Hicklin followed his gaze as he looked round the old cottage, taking in the damp wallpaper, the dirty curtains, the carpet covered with rubbish.

‘Yes, Mary died anyway,’ said Hicklin quietly. ‘A heart attack. And I lost my job. So it was all for nothing.’

Cooper shifted uncomfortably. ‘Mr Hicklin, I remember you, and I think I know the sort of man you are. You believe in justice, don’t you?’

‘I believe in it,’ said Hicklin. ‘But I don’t expect it. Not any more.’

‘But I think you might have kept track of what happened to the Gibson brothers. Their court cases, the length of their sentences, when they were released. Perhaps where they’re living now?’

With suddenly astute eyes, Hicklin studied him for a long moment. ‘What is this about really?’

‘I can’t tell you exactly, sir.’

Hicklin seemed to come to a decision, just the way he had when he first saw Cooper standing on his doorstep. He heaved himself out of his chair and shuffled off into another room. Cooper heard him opening a drawer. He came back with an old yellow pocket file, well worn around the edges and repaired with a bit of sellotape.

‘This will be what you mean,’ he said.

‘Can I borrow it, please?’

‘Aye,’ said Hicklin. ‘Just bring it back when you can. If the world hasn’t ended by then.’

Cooper stood up and slid the file under his coat, then said, ‘Ryan Gibson worked just over there at A.J. Morton and Sons, didn’t he?’

‘Still does,’ said Hicklin. ‘I see him occasionally. You can imagine how that feels.’

A few minutes later, Cooper left Mr Hicklin in his old house with its leaky roof. Outside, the downpour was torrential. He might even have said biblical. The landscape had disappeared behind dense curtains of rain, and large pools of water had formed in Hicklin’s overgrown garden, almost blocking access to the gate.

‘You’re not in danger of flooding here, are you, sir?’ he asked.

‘I hope not,’ said Hicklin. ‘I can’t afford the insurance.’

Ryan Gibson was on his forklift truck in the huge storage yard at A.J. Morton & Sons. The site was well screened from the nearby roads. Even from the entrance, you would never guess the size of it. Everywhere he looked, Cooper saw stacks of crusher and screening spares, conveyor belt sections and rubber skirting, boxes of bearings and filters.
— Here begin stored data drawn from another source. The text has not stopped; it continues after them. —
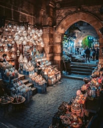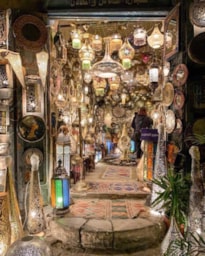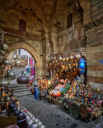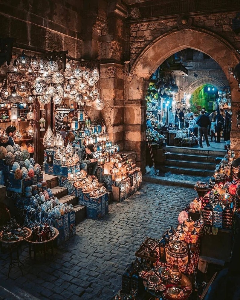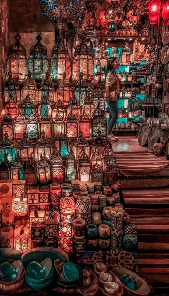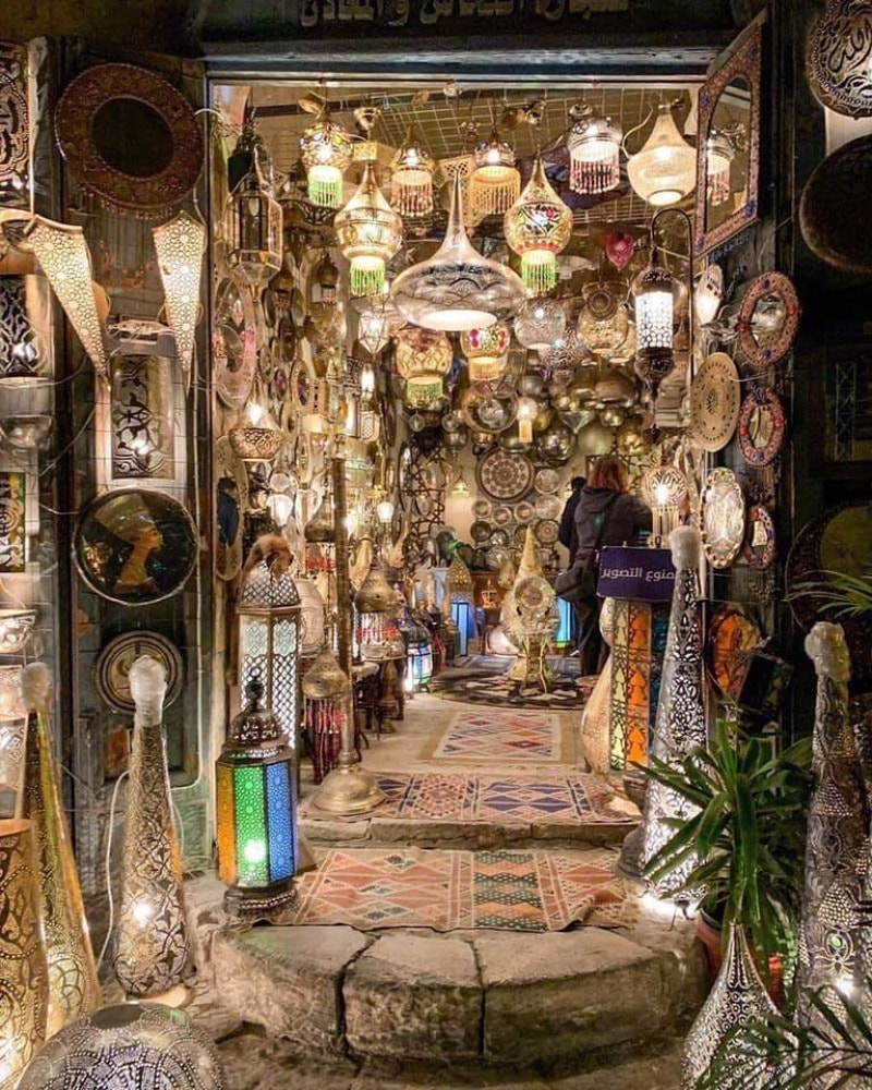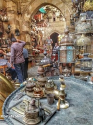 Khan Al Khalili contains skinny lanes, is basically a medieval-style mall. Cairo’s famous bazaar, the Khan where you can buy touristy and local knickknacks and artifacts like belly dance outfits, ethnic jewelry, shisha pipes, brass ornaments, and spices. Make sure you bargain! Rest in El Fishawi, one of Cairo’s oldest cafés operating for the last 200 years and boasting beautiful wall mirrors dating back to the 17th century. The Naguib Mahfouz restaurant is the best place to eat while at Khan.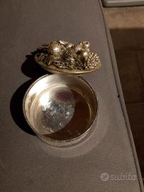 vendo deliziosa scatolina in peltro finemente lavora. dimensioni 7 x 3.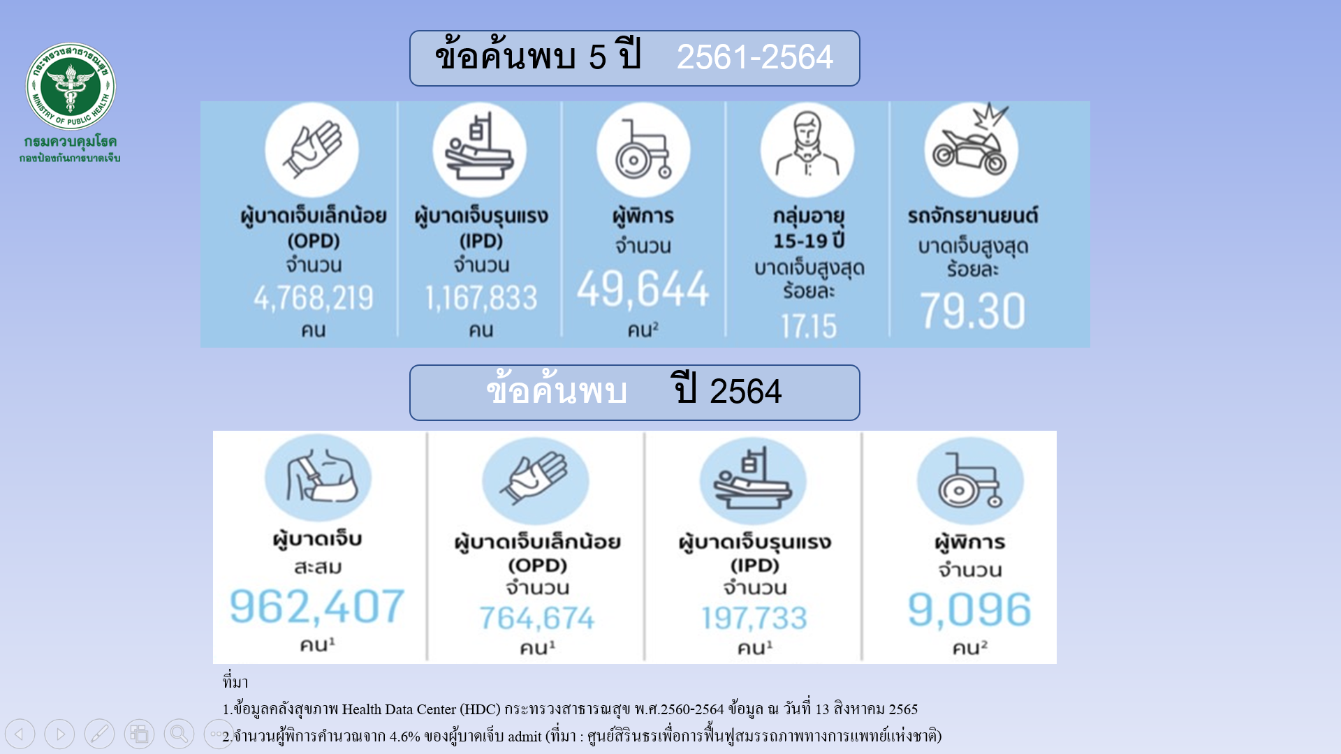 ทั้งนี้ สถานการณ์ปัจจุบันในประเทศไทย พบการสูญเสียของประชากรชายมีแนวโน้มสูงขึ้น ในขณะที่ผลกระทบที่เกิดจากประชากรหญิงมีแนวโน้มคงที่ ดังนี้

Cooper stood in front of the forklift and waved him down. Gibson stopped in surprise and turned off the engine.

‘What do you want? You’ll have to go into the office.’

Gibson looked over his shoulder and began to swing the steering wheel to reverse away from him.

‘Ryan?’ said Cooper.

Gibson turned and stared at him. Recognition was a long time coming, but it reached his face eventually. ‘I don’t want to talk to you,’ he said. ‘I never talk to the coppers. And I’m not supposed to stop work to chat anyway. So you might as well be on your way.’
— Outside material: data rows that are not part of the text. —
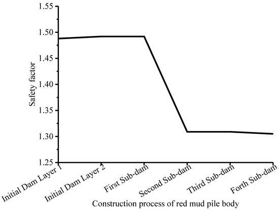 The safety factor can directly reflect the stability of the dam body during the red mud filling process. To further study the safety of the dam body during the red mud filling process, calculate the safety factors of the dam body at different stages and draw curves, as shown in Figure 6.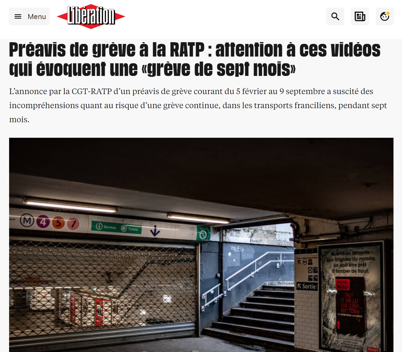 Une grève de sept mois couvrant les Jeux olympiques à la RATP ! Voilà ce qu'on pouvait déduire d'un survol des premiers titres de presse rapportant le préavis déposé par la CGT suite à l'échec des négociations annuelles avec la direction de la régie parisienne des transports, c'est-à-dire avec l'ancien Premier ministre Jean Castex. Si ces articles prennent le plus souvent soin de préciser les revendications détaillées de la CGT, ils ne permettent pas de comprendre pourquoi ce préavis dure sept mois – de quoi faire dire à certains vidéastes qu'il faut se préparer à sept mois de grève.
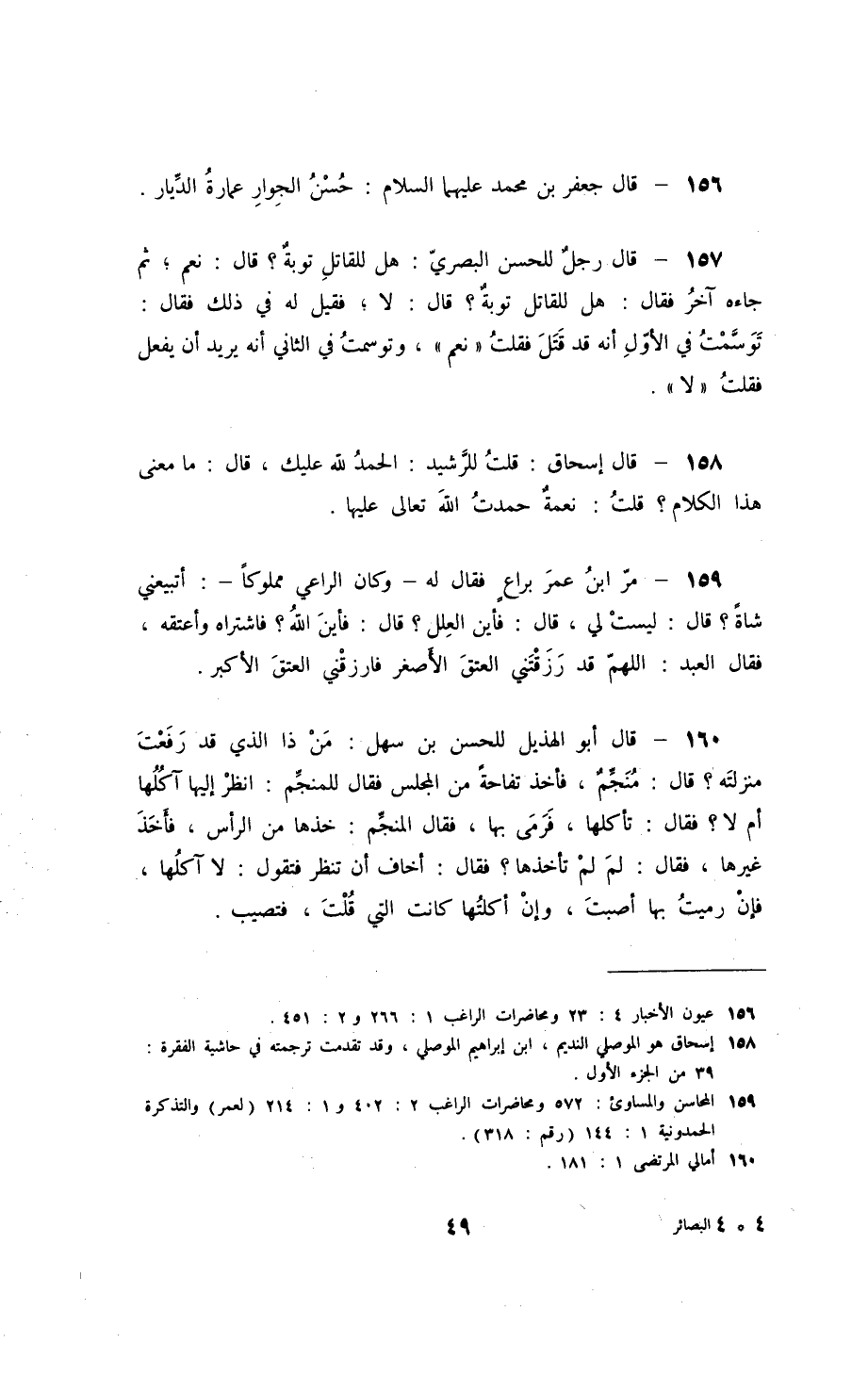 قال إسحاق: قلت للرّشيد: الحمد لله عليك، قال: ما معنى هذا الكلام؟ قلت: نعمة حمدت الله تعالى عليها.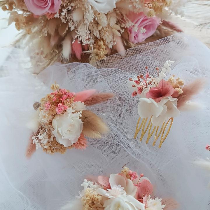 Fleurs Séchées de Haute Qualité : J’ utilise des fleurs séchées soigneusement sélectionnées pour leur beauté, leur durabilité et leur éclat. Ces fleurs naturelles apporteront une touche élégante et intemporelle à votre coiffure.

‘How’s your brother?’ asked Cooper. ‘Sean?’

‘No idea,’ said Gibson. ‘I haven’t seen him. He’s gone abroad.’

‘Oh? Where to?’

‘I don’t know. He doesn’t send me postcards.’

Gibson revved up the forklift and headed away across the yard to lift a pallet of rollers.

Cooper watched him working for a moment. He hadn’t expected to get any answers here. Not from the likes of Ryan Gibson – he was too old a hand. All he’d wanted to do was see him, and read whatever he could find in Ryan’s face. And that had been bad enough.